#### [AVAILABLE DATA]
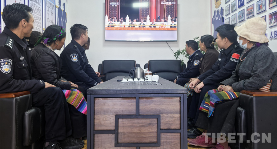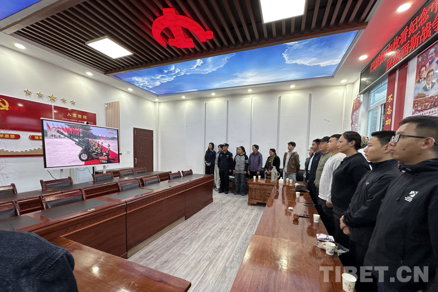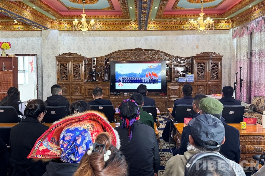 圖為日喀則邊境管理支隊仲巴邊境管理大隊帕羊邊境派出所與駐地人民政府聯(lián)合觀看紀念中國人民抗日戰(zhàn)爭暨世界反法西斯戰(zhàn)爭勝利80周年大會 攝影:次仁旺堆
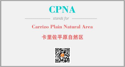 上述内容是“Carrizo Plain Natural Area”作为“CPNA”的缩写,解释为“卡里佐平原自然区”时的信息,以及英文缩略词CPNA所代表的英文单词,其对应的中文拼音、详细解释以及在英文中的流行度和相关分类、应用领域及应用示例等。
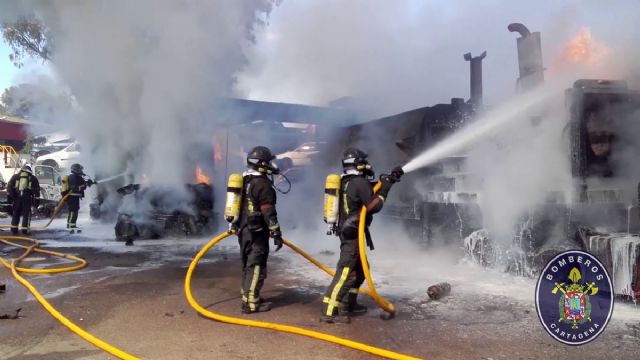Bomberos de Cartagena emplean cuatro horas en extinguir un incendio en un desguace de la carretera de Cuesta Blanca
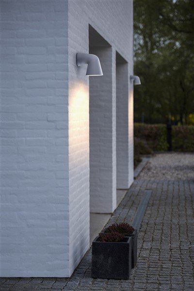 In dieser Außenwandleuchte können Sie einen LED-Spot mit einer GU10-Fassung platzieren. Die verfügbaren Farben sind weiß oder schwarz.
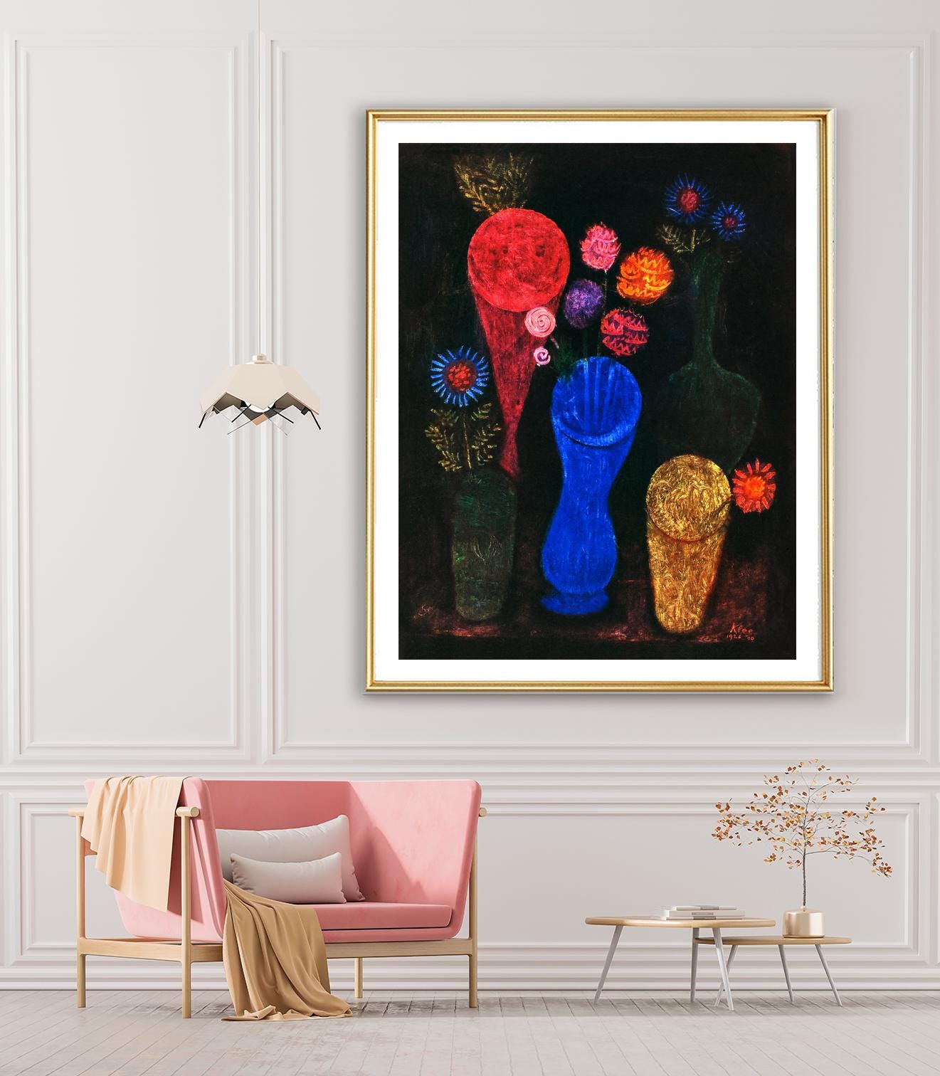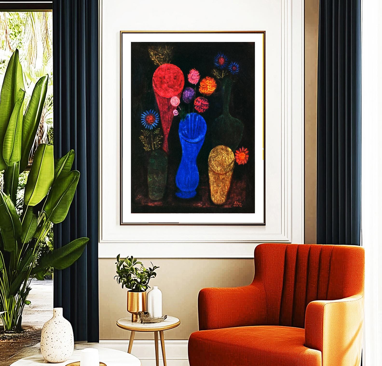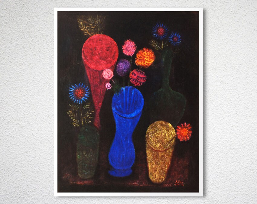 Flowers in Glasses by Paul Klee Fine Art Print - Poster Paper and Canva Print / Gift Idea /Wall Decor
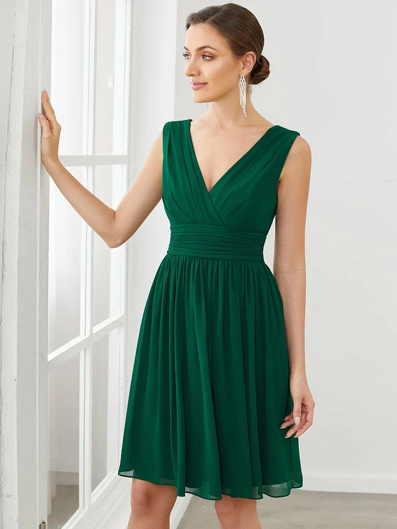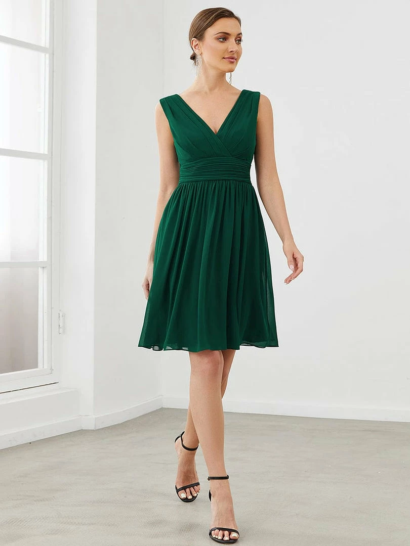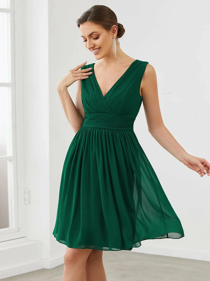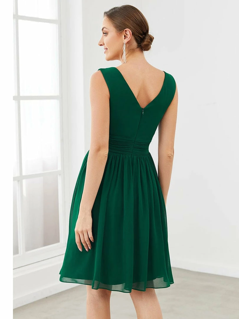 This short v neck bridesmaid dress features a sleeveless design and above knee length. It is perfect for any petite girl. The chiffon fabric makes this short bridesmaid dress very flowy and very comfortable to wear. This women’s short v neck maid of honor dress is perfect for Christmas parties, and for all formal occasions, from evening parties, cocktails, weddings to prom, homecoming, and graduation!
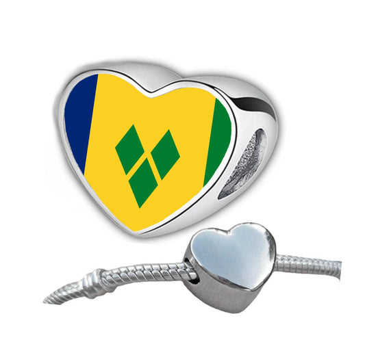 Saint Vincent and the Grenadines Flag heart shaped bracelet stainless steel charm bead Charm Add on charm Large hole bead Valentine’s gift

#### [WORK REQUIRED]
Everything in the records must be transcribed exactly, except the pictures, which are left out.

#### [OUTPUT OF THE TASK]
 圖為日喀則邊境管理支隊仲巴邊境管理大隊帕羊邊境派出所與駐地人民政府聯(lián)合觀看紀念中國人民抗日戰(zhàn)爭暨世界反法西斯戰(zhàn)爭勝利80周年大會 攝影:次仁旺堆
 上述内容是“Carrizo Plain Natural Area”作为“CPNA”的缩写,解释为“卡里佐平原自然区”时的信息,以及英文缩略词CPNA所代表的英文单词,其对应的中文拼音、详细解释以及在英文中的流行度和相关分类、应用领域及应用示例等。
Bomberos de Cartagena emplean cuatro horas en extinguir un incendio en un desguace de la carretera de Cuesta Blanca
 In dieser Außenwandleuchte können Sie einen LED-Spot mit einer GU10-Fassung platzieren. Die verfügbaren Farben sind weiß oder schwarz.
 Flowers in Glasses by Paul Klee Fine Art Print - Poster Paper and Canva Print / Gift Idea /Wall Decor
 This short v neck bridesmaid dress features a sleeveless design and above knee length. It is perfect for any petite girl. The chiffon fabric makes this short bridesmaid dress very flowy and very comfortable to wear. This women’s short v neck maid of honor dress is perfect for Christmas parties, and for all formal occasions, from evening parties, cocktails, weddings to prom, homecoming, and graduation!
 Saint Vincent and the Grenadines Flag heart shaped bracelet stainless steel charm bead Charm Add on charm Large hole bead Valentine’s gift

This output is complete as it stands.